At COP27 in November 2022, Evercity presented the first collaboration result - carbon forward tokens on Hedera. These digital contracts on the future delivery of carbon credits will provide an ex-ante financing mechanism for carbon projects. Actions of all stakeholders and transactions are recorded in a transparent and immutable database to prevent fraud. Self-executing smart contracts allow automation of the distribution and delivery of carbon forwards. Public Ledgers also provide additional liquidity opportunities, opening access to high-quality carbon credits to market participants that otherwise would be forced to use traditional methods such as OTC transactions, which oftentimes create adverse incentives by providing a large portion of the value to middlemen rather than projects doing the work to combat climate change.
“Opportunities to keep carbon out of the atmosphere are all around us. But they require capital, and must deliver real climate benefit at scale to succeed.” Said Joseph Pallant, Founder & Executive Director at Blockchain for Climate, and Director of Climate Innovation at Ecotrust Canada. “I’m excited about the launch of Evercity’s Carbon Forwards platform on Hedera, as we can now connect real projects with capital and demand, enabling project developers to implement their project and complete the offset standards and issuance process. As demand for climate action grows, secure delivery of early-project carbon finance is often a stumbling block to achieving emission reductions & removals targets. With Evercity’s Carbon Forwards platform, leveraging Hedera’s Guardian, we are focused on clearing that pinch point, and getting society on a quicker path to addressing the climate crisis.”

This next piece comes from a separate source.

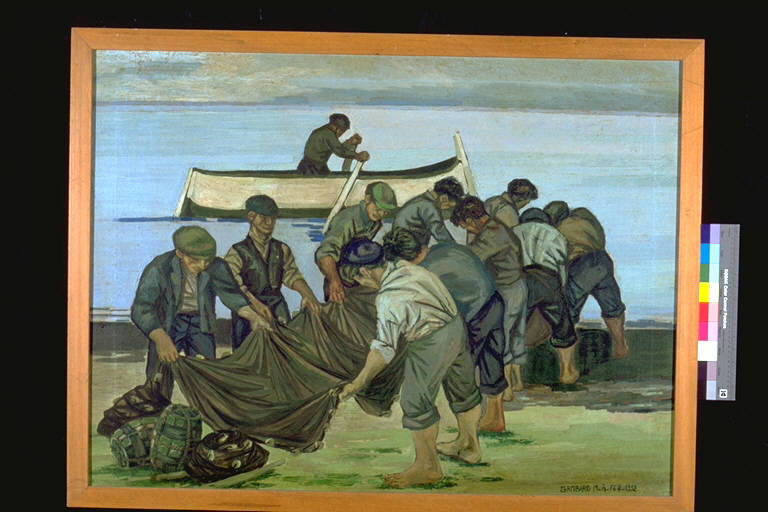 Pescatori. Pescatori con reti in riva al mare
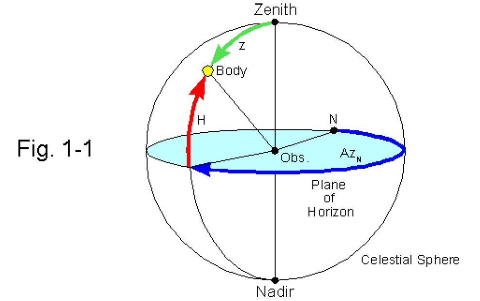 Then, in order to find your desired angle of elevation for your calculations, you need to correct for height of eye above sea level. An “angle of elevation” is the angle between the horizontal and a line of sight to the celestial object above the horizontal, and a sextant is used to measure this angle by using mirrors to align the sight of an object with the horizon. With a sextant, the term for “the horizontal” is the sensible horizon (the plane perpendicular to a navigator’s “zenith”), which is a point directly overhead the navigator, 90 degrees from the horizon. It is crucial for celestial navigation because the zenith distance (the angle between a celestial body and the zenith) can be calculated and used to determine a ship’s position. Sextant measurements are often taken of the celestial body’s altitude (angle above the horizon), and this is then used to find the zenith distance by subtracting the altitude from 90 degrees.

Based on research by HSBC, Bank of International Settlements and European Investment Bank, digitization of green bonds is expected to bring many benefits to the market, including 10x cost reduction, faster settlements and coupon payments, additional transparency and single source of truth on the interest rate. The Evercity platform will also implement best market practices on digital bonds and allow issuance of both green and sustainability-linked instruments.
“I have been along supporter Evercity because they are bridging key innovative elements that need to be integrated in order to scale climate finance in developing countries. ” Said Katherine Foster, Executive director, Green Digital Finance Alliance and Evercity advisor. “This is to a large extent enabled by co-founders’ Alexey’s and LIza’s unique experience that combines both sustainability and web3 expertise as well as their engagements with international institutions and partners from across the globe.

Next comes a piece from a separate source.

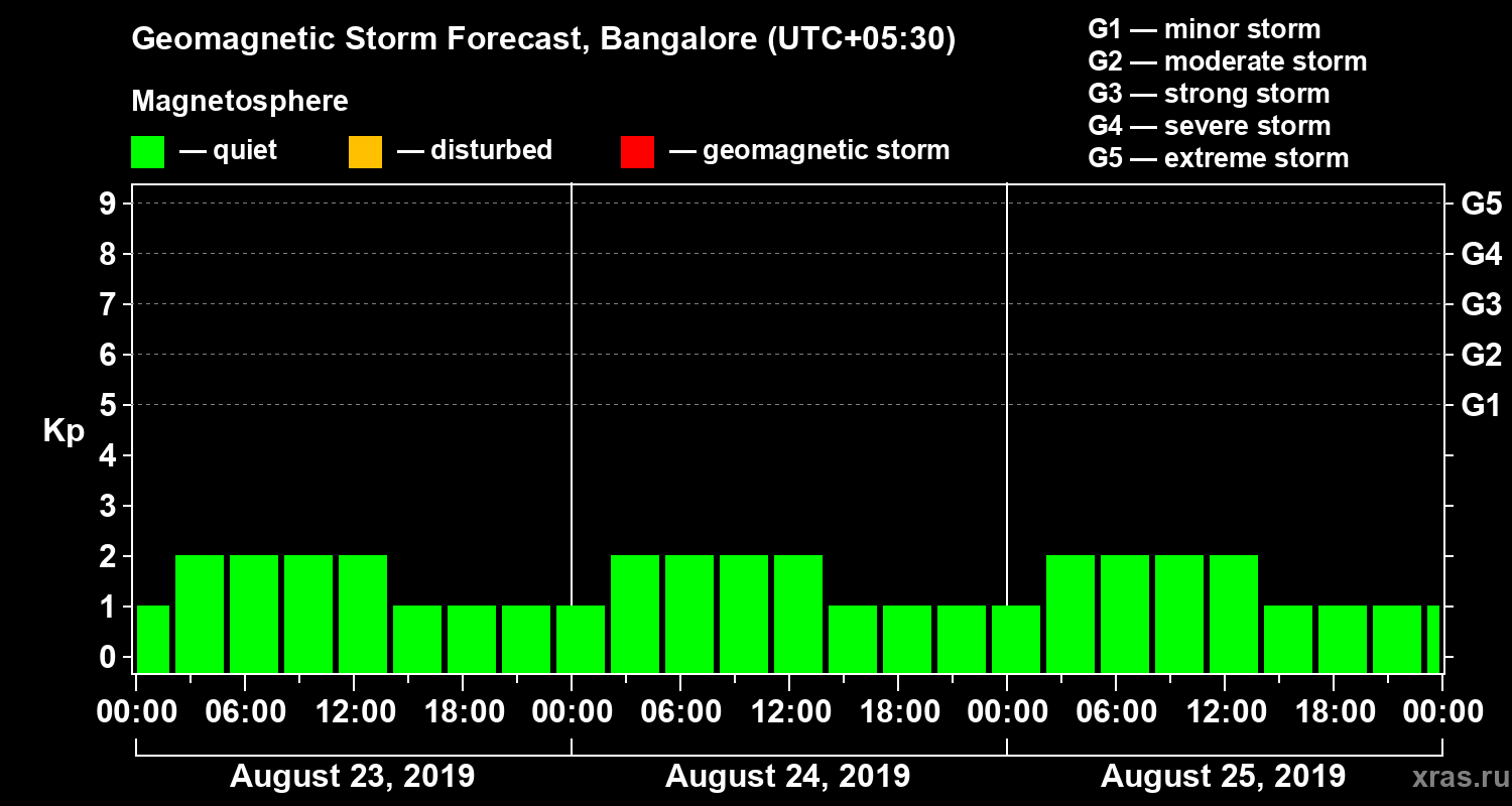 Geomagnetic storm forecast in Bangalore for Aug 23, 2019

Last but not least, Evercity will enable integration between green bonds and carbon forwards based on the ideas presented by Massamba Thioye, Manager, Sustainable Development Mechanism Program at United Nations Framework Convention on Climate Change (UNFCCC).

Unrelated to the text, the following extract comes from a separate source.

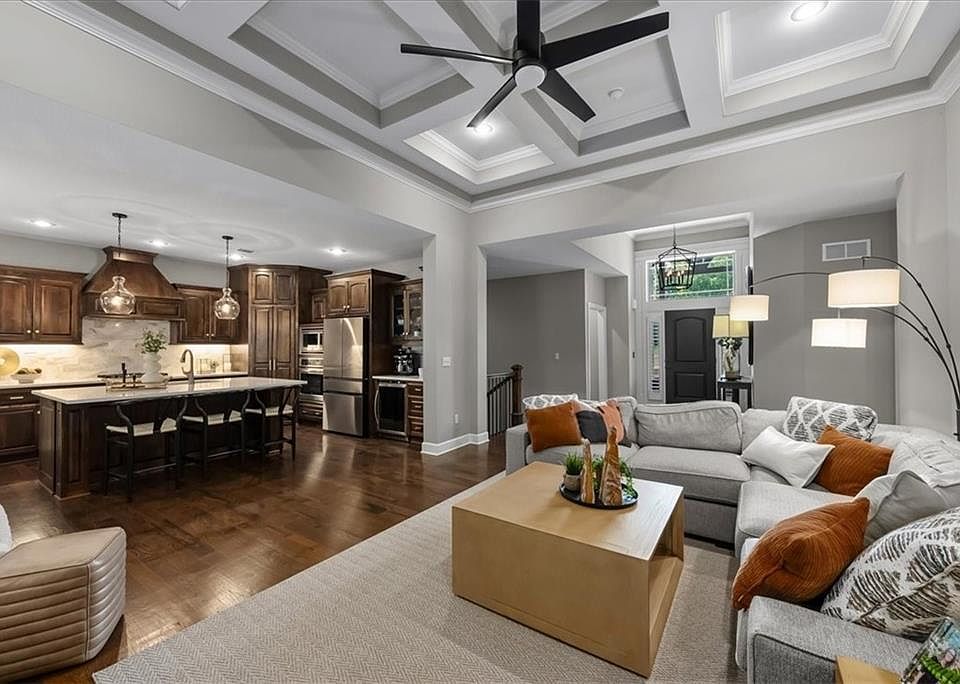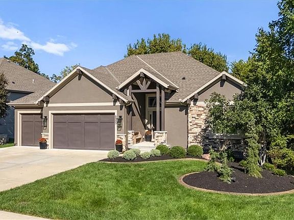 Welcome to comfortable living in this lightly lived-in former model home (Rodrock - Dillon reverse), perfectly positioned on a private wooded walk-out lot. The open floor plan draws you in with gleaming hardwoods, a beamed great room ceiling, and a cozy two-sided fireplace for gatherings. A chef’s kitchen awaits with quartz countertops, stained cabinetry, stainless steel appliances, and an oversized walk-in pantry. The main level bedroom doubles beautifully as a guest suite or home office. Retreat to the primary suite with tranquil backyard views, spa-like bath with whirlpool tub, separate shower, dual vanities, and a walk-in closet connected to the laundry room. Entertain with ease in the expansive lower level boasting a wet bar, family room, and two private ensuite bedrooms. Outdoor living shines with a covered deck and see-through fireplace plus a covered patio overlooking serene trees and wildlife. Recent updates include fresh interior and exterior paint, plantation shutters throughout, new quartz kitchen counters, kitchen backsplash, lighting, deck extension, landscaping, and more. Nestled in a secluded hilltop neighborhood with no neighbors behind, this home combines privacy with convenience. All just minutes from Shawnee Mission Parkway shopping and eateries in the award-winning DeSoto School District and Mill Valley High School attendance area—this one is ready to impress and ready for you!

The key idea is that if buyers of the green bond can also receive tradable carbon credits generated by the financed project, they will have additional incentive to pay the premium for the green bond. Also, integration of carbon credit and green bond markets will make carbon credits more attractive for investors. This major innovation will help to make both carbon credits and the green bond markets more accessible to SMEs in developing and developed countries.
“The development and implementation of a methodological framework requires a digital platform, with the combination of IoT, DLT, digital methodologies, AI and smart contracts for the management of the data value chain.” Said Massamba, “The work Evercity is doing can be very much relevant to the UNFCCC secretariat work.”